Second, in this day and age, 'girlfriend' usually does mean someone you're having sex with. Not always, obviously. My experience--on forums, etc--has been that it's so common that many people tend to get very critical of people who choose not to have sex with their boyfriend/girlfriend, and act as if that person is abnormal or perhaps has some issues. Based on reading on this board, I don't think it's weird at all that someone would think most people on this forum in particular are having sex with their boyfriends/girlfriends. (Might be an interesting poll.) In fact, a comment addressed to me just last week made the assumption that I am 'fucking' my boyfriend and no one at all stopped to point out that it was, in fact, an assumption, that I have never once said I'm sleeping with him.
But the fact remains, it was a question, not a statement.
My comment was not on the value of open-mindedness or tolerance or teaching it, but on being so eager to exhibit one's open-mindedness that one races into a conversation sooner than might be appropriate, or discusses things that aren't necessary.

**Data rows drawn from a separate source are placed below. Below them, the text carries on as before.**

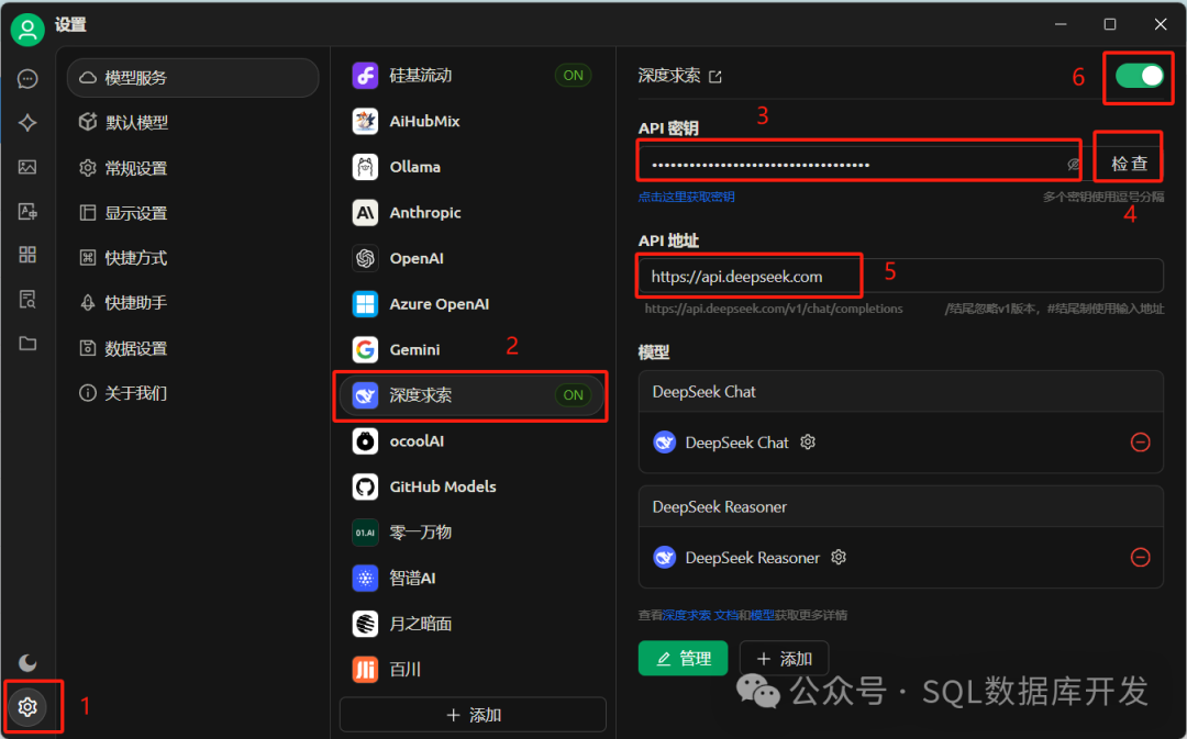 或者直接看下图,按顺序操作即可,务必记得开启右上角的按钮,保证DeepSeek是“ON”状态。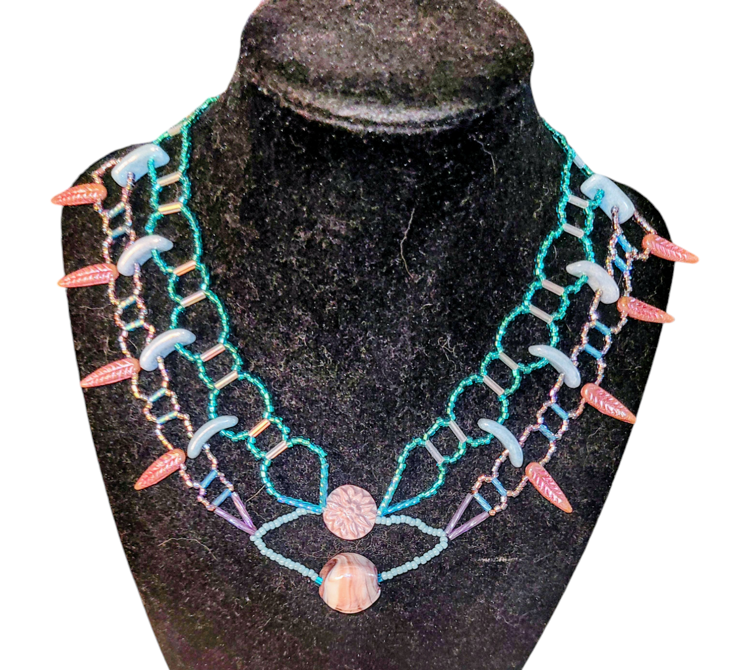 Aqua and Lilac Glass Bead Burnished Collar Necklace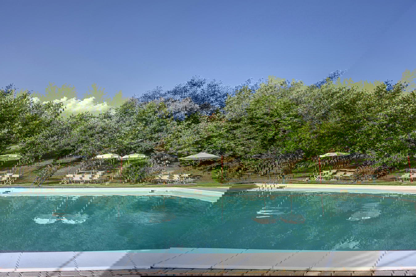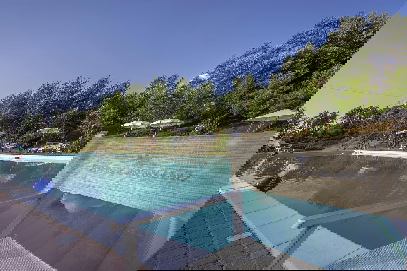 Dagli appartamenti, si accede facilmente all'area piscina, che gode di un'ampia piscina 9x20 mt e di una piscina per bambini.

I don't find it demeaning at all to introduce someone as a friend. And if my boyfriend had children, I would find their well-being more important than what word was used to describe me. He himself puts concern for my children (and how my dating a married man would affect them) above his feelings about whether I introduce him as a friend or boyfriend. I believe children's well-being should always come above adult's concern about a label. But everyone has their opinion on that, and that's the value of asking a question here and getting different opinions and views on which to reflect.